Compile the model/blocks with model.compile().

Step 5: Saving and Running Inference

Save the compiled model to a file for fast cold start.
Run inference of the compiled model as you would with the original PyTorch model.

Why to use Qlip compiler?

Significant acceleration of inference on NVIDIA GPUs.
Not JIT compilation. Compiled models can be saved to disk and reused with minimal cold start time.
Support of dynamic shapes and optimization for specific performance critical inputs.
Allows to mix PyTorch code and multiple compiled models in a single pipeline with full memory reusage.
Natively supports compilation of models with quantized weights and activations produced by Quantization API and Quantization Algorithms.
Supports compilation of models by blocks, allowing to optimize specific parts of the model separately and reduce memory usage during compilation.
Supports compilation of models to float32, float16 and bfloat16 data types.
Supports compilation of mixed-precision models mixing w8a8, w4a16, w16a16 and float16, bfloat16 data types.
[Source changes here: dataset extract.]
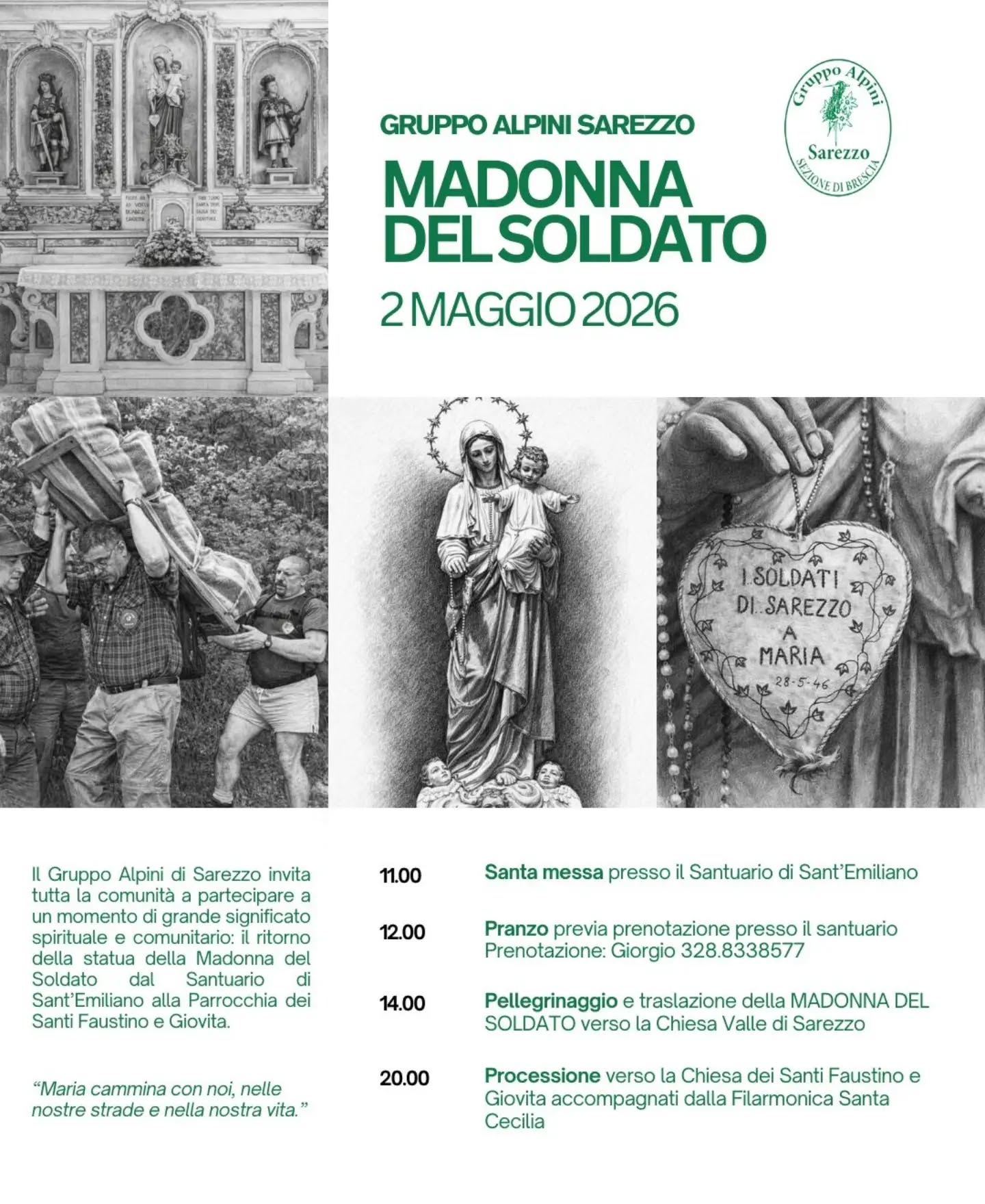 Da anni gli Alpini del gruppo di Sarezzo ogni 5 anni portano a valle la Statua, fatta come voto da mamme, spose, e sorelle dei soldati durante la seconda guerra mondiale.
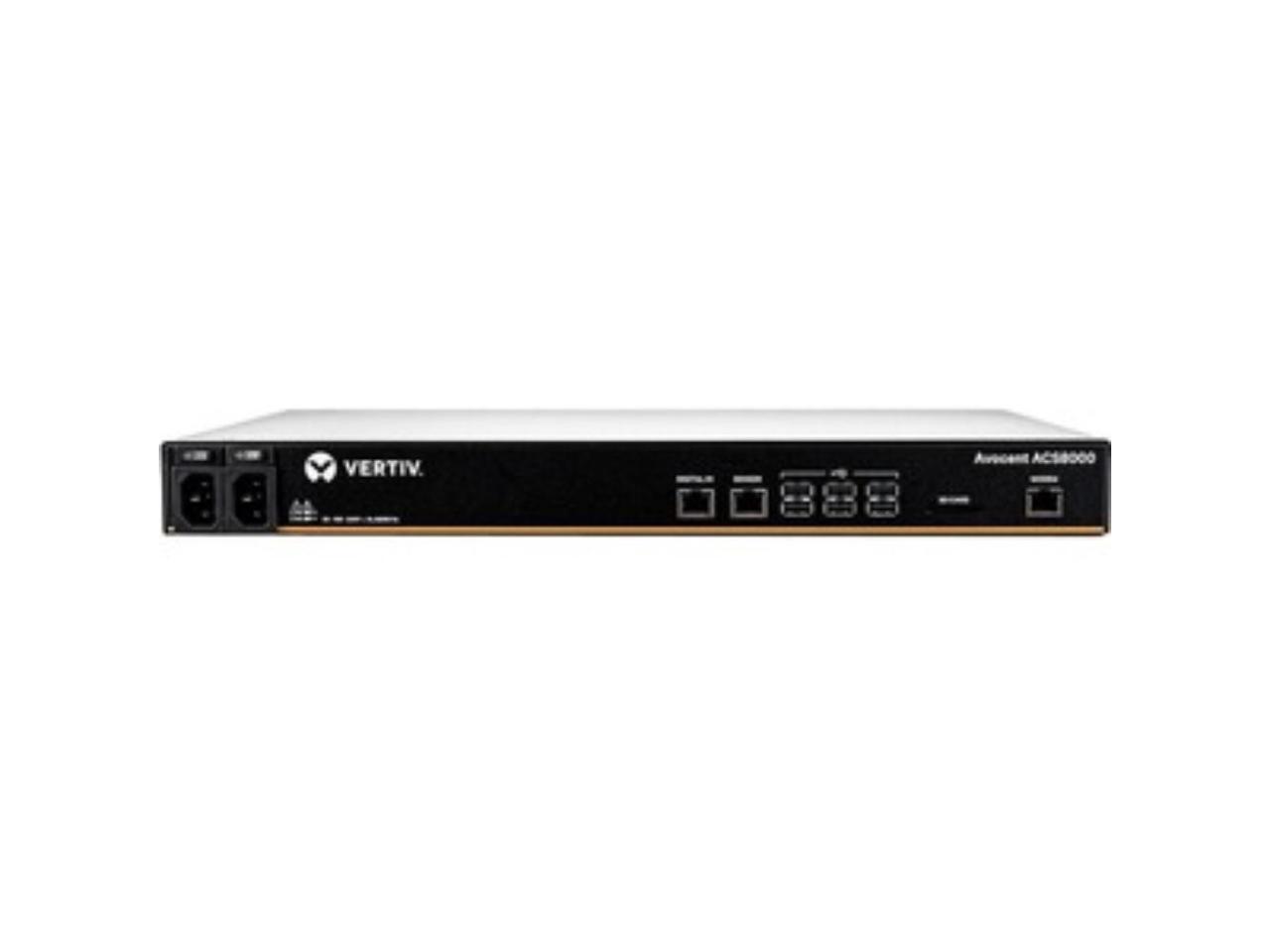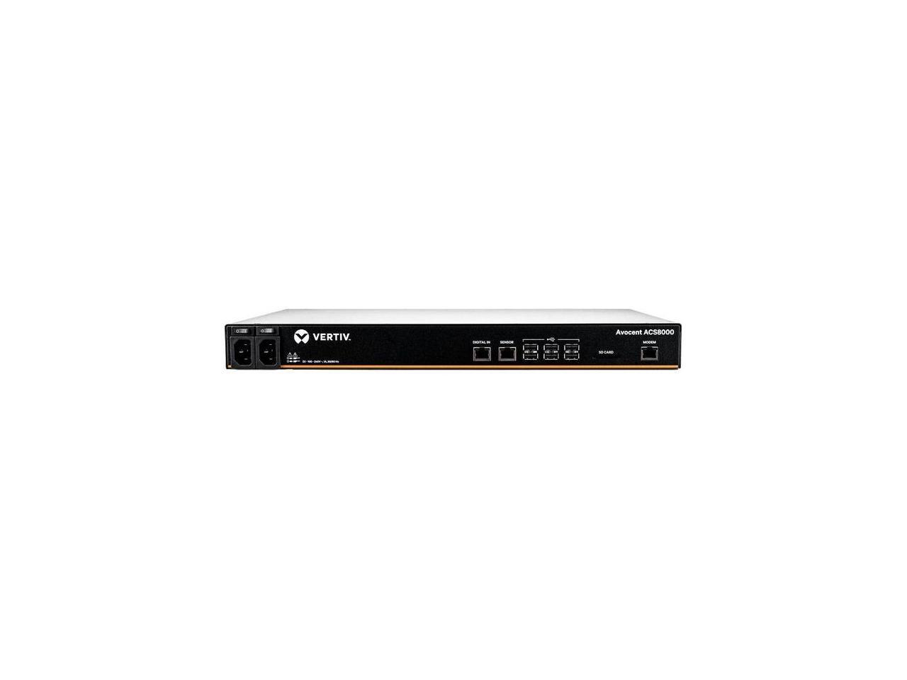 The Vertiv Avocent ACS 8000 Advanced Console Server system integrates connectivity features for secure in-band and out-of-band network remote management of IT assets from anywhere in the world. Includes dual AC power supply and analog modem.

Compiler API provides a high-level interface for compiling and optimizing Pytorch models for deployment on NVIDIA hardware. It supports various configurations and optimizations to ensure efficient inference. Compiler based on TensorRT, CUDA libraries and custom TheStage AI kernels.

Note

Compiler supports TenssorRT 10.10 and higher versions. It can be used with TensorRT 10.1 - 10.9, but can require additional configuration, so it is not recommended to use it with these versions.

Compiler API ¶

qlip.compile(model: Optional[Callable] = None, dynamic_shapes='none', builder_config: NvidiaBuilderConfig = None, runner_config: NvidiaSessionConfig = None, verbosity='error', group: str = 'default')¶

Wraps a PyTorch model for compilation and inference on NVIDIA GPUs.

Parameters

model (torch.nn.Module): PyTorch model to be compiled.
dynamic_shapes (str): Specify type of possible inputs. Can be “none”, “range” or “list” of static shapes. “none” means that model will be compiled with static shapes. “range” means that model will be compiled with dynamic shapes, and it will use minimum and maximum shapes during tracing. List of static shapes means that model will be compiled with static shapes.
builder_config (qlip.deploy.nvidia.NvidiaBuilderConfig, optional): Configuration for the builder. Can be used to specify data types, optimization flags, etc.
runner_config (qlip.deploy.nvidia.NvidiaSessionConfig, optional): Configuration for the runner. Can be used to specify session settings, such as batch size, max workspace size, etc.
verbosity (str): Logging verbosity level. Default is “error”.
group (str): Group name for the compiled model. Default is “default”.

Returns

qlip.deploy.compiler.QlipCompiledModule : Wrapped module for compilation.

Compiled module API ¶

class qlip.deploy.compiler.QlipCompiledModule¶

A wrapper for compiled PyTorch models. It allows to run inference on the compiled model and provides methods to save and load the compiled model.

Warning

This class is not intended to be used directly. Use qlip.compile to create an instance of this class.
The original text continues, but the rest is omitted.